Trauma about the Elbow I: Overview, Supracondylar, and Transphyseal Fractures

Up to 20% of displaced supracondylar fractures present
with an absent pulse. To clarify one’s thinking, consider three
clinical scenarios:

A child with a poorly perfused, pulseless hand requires
urgent treatment. If practical, an immediate attempt at closed
reduction in the operating room is ideal. If this is not practical,
gentle traction and placement of the elbow in 20 to 40 degrees of
flexion should be performed.
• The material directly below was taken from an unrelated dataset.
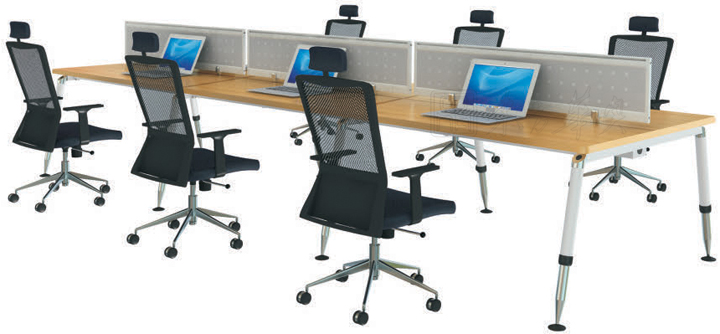 ※ 上图为类似款多人位办公桌,以简洁、大方为基调,与时尚元素的整体配合,显示了此系列特有的品味。底脚的稳重、构架的端庄,显示出它的与众不同。

Note that the this maneuver is not
an attempt to anatomically reduce the fracture, as further injury to
neurovascular structures is possible, and an acceptable reduction is
unlikely without the use of fluoroscopy and K-wires. Vascular
compromise is usually positional, with the proximal fragment often
causing occlusion of the brachial artery. Most frequently a child with
a poorly perfused, pulseless hand, whose arm was splinted in full elbow
extension prior to arrival at the hospital, will have significant
improvement in vascular perfusion by simply flexing the arm to 20 to 30
degrees (Fig. 5-8). Arteriograms generally have
no role in preoperative evaluation of the pulseless supracondylar
fracture, as they delay treatment and most frequently contribute no
useful information.²

Following a closed reduction of the fracture with a
poorly perfused, pulseless hand, perfusion usually returns. If the hand
remains poorly perfused and pulseless, operative exploration is
indicated. An anterior approach is appropriate

when
the purpose of the approach is for arterial exploration. Be aware that
at times the artery itself is not trapped in the fracture site, but
soft tissue adjacent to the artery is trapped, tethering the artery
just enough to stop flow. If the hand is still poorly perfused after
exploration and removal of an entrapped or tethered artery from the
fracture site, a general or vascular surgical consult is wise (Fig. 5-9).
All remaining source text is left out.